Take the records below from their first line through the line holding "- 【Desk Charging", and set each of those lines down exactly, without pictures.

Extracted records Block Start

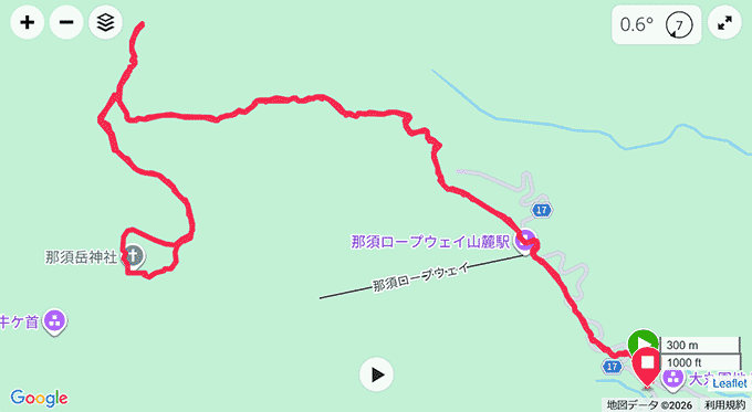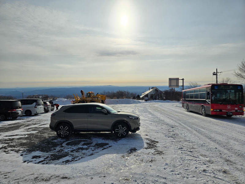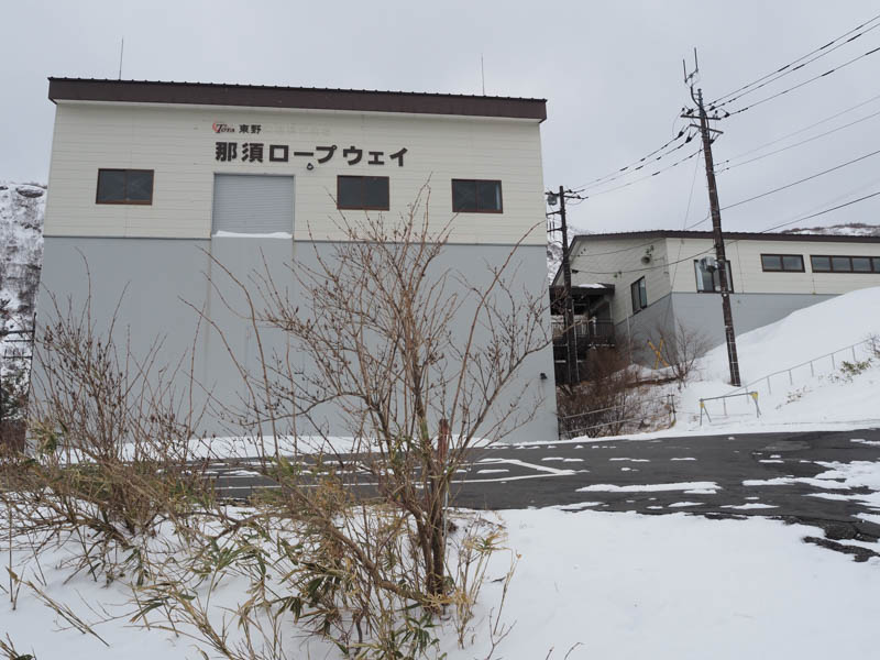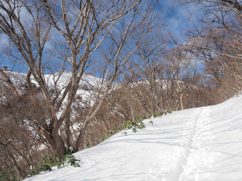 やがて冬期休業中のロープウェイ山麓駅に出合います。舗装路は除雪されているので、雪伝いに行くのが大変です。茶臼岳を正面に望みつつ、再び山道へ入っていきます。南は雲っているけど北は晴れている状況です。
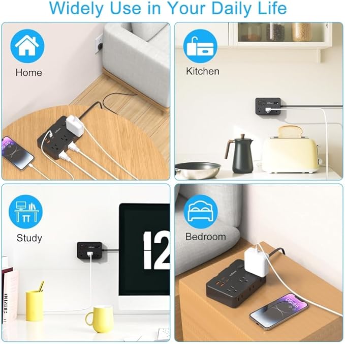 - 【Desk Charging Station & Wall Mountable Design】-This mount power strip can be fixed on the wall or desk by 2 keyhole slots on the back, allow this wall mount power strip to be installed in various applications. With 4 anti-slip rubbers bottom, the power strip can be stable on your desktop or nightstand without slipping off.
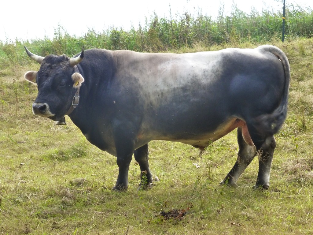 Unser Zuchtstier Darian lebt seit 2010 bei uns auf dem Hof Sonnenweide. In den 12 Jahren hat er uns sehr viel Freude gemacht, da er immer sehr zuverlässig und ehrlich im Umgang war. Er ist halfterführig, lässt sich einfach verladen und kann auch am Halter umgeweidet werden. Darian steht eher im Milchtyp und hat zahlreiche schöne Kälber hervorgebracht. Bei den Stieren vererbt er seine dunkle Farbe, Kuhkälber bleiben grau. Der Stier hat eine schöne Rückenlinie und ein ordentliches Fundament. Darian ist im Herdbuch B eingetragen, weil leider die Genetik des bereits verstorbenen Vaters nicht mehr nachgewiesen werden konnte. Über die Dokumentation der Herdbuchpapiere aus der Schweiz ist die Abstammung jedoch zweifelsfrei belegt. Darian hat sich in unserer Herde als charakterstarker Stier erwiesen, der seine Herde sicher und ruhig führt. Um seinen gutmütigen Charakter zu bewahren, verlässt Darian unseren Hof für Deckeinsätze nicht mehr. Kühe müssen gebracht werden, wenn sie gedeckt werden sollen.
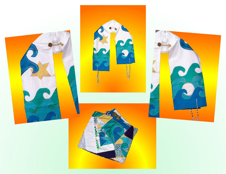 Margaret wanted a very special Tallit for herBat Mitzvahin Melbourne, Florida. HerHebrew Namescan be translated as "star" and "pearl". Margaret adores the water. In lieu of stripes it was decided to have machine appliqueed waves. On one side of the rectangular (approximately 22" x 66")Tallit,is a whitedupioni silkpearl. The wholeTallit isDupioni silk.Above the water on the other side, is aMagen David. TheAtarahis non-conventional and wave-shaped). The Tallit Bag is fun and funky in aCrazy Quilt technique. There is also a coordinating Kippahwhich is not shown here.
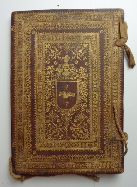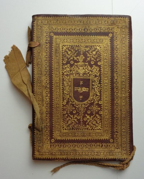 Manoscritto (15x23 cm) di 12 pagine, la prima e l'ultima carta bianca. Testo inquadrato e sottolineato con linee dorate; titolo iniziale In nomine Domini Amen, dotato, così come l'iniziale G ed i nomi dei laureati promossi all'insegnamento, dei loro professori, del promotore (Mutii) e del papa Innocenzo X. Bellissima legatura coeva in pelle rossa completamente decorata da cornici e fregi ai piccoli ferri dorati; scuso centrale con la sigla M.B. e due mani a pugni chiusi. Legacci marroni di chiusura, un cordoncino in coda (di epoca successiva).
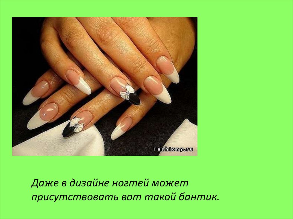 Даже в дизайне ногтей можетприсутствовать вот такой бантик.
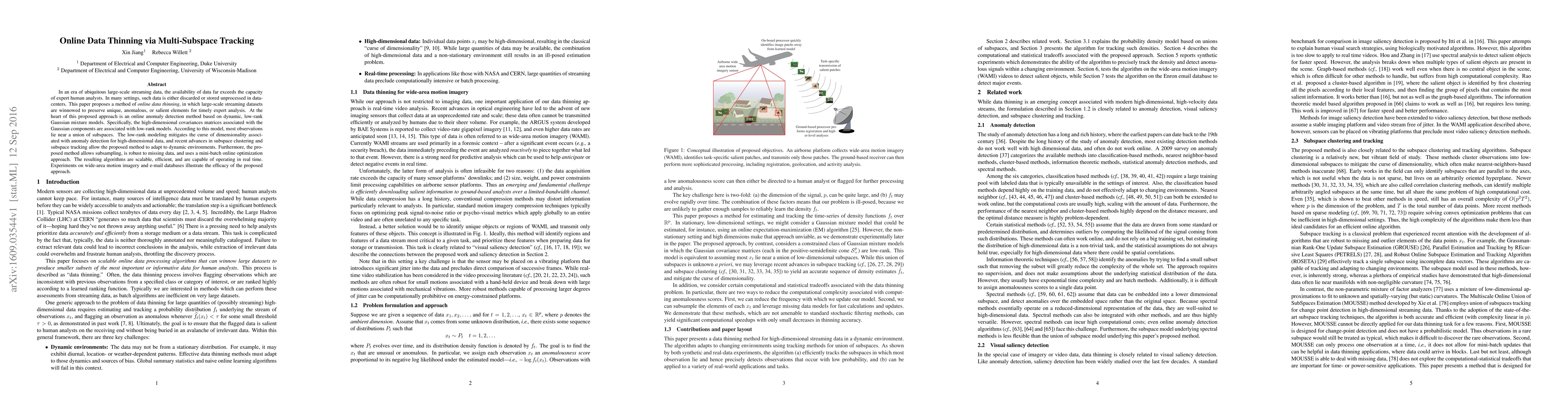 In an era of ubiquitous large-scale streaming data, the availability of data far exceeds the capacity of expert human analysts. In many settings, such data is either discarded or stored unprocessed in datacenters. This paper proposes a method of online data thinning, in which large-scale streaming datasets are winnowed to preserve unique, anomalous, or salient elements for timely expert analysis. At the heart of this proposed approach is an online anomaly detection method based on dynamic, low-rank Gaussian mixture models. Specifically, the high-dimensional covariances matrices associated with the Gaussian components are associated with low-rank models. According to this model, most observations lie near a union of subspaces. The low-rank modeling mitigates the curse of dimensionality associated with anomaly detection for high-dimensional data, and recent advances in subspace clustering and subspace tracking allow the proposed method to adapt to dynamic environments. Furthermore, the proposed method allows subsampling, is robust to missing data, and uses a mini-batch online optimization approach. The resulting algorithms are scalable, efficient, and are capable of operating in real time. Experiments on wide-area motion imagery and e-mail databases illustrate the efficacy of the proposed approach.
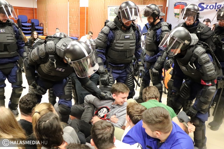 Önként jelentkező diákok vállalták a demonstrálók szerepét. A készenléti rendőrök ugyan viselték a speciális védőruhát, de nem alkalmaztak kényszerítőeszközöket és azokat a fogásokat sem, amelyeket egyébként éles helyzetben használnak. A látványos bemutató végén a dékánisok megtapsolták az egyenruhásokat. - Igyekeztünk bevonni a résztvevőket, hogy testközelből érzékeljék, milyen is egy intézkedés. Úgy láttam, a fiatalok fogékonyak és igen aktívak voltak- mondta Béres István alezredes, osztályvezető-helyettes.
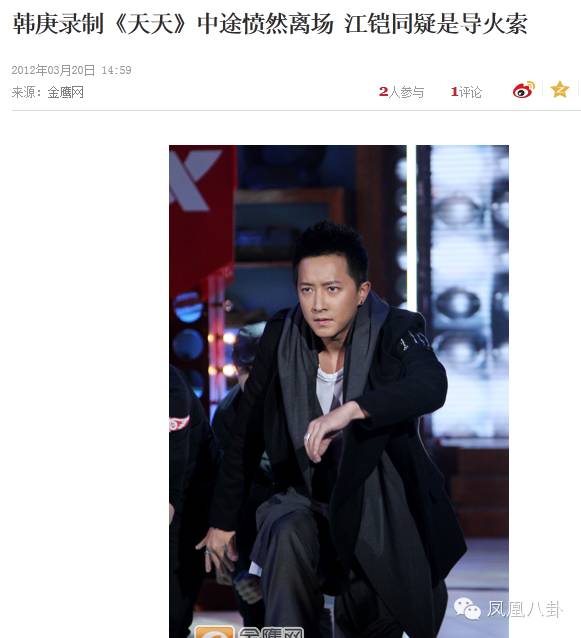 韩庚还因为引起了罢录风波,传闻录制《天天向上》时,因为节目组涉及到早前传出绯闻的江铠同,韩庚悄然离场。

Extracted records Block End

Completed task
 やがて冬期休業中のロープウェイ山麓駅に出合います。舗装路は除雪されているので、雪伝いに行くのが大変です。茶臼岳を正面に望みつつ、再び山道へ入っていきます。南は雲っているけど北は晴れている状況です。
 - 【Desk Charging Station & Wall Mountable Design】-This mount power strip can be fixed on the wall or desk by 2 keyhole slots on the back, allow this wall mount power strip to be installed in various applications. With 4 anti-slip rubbers bottom, the power strip can be stable on your desktop or nightstand without slipping off.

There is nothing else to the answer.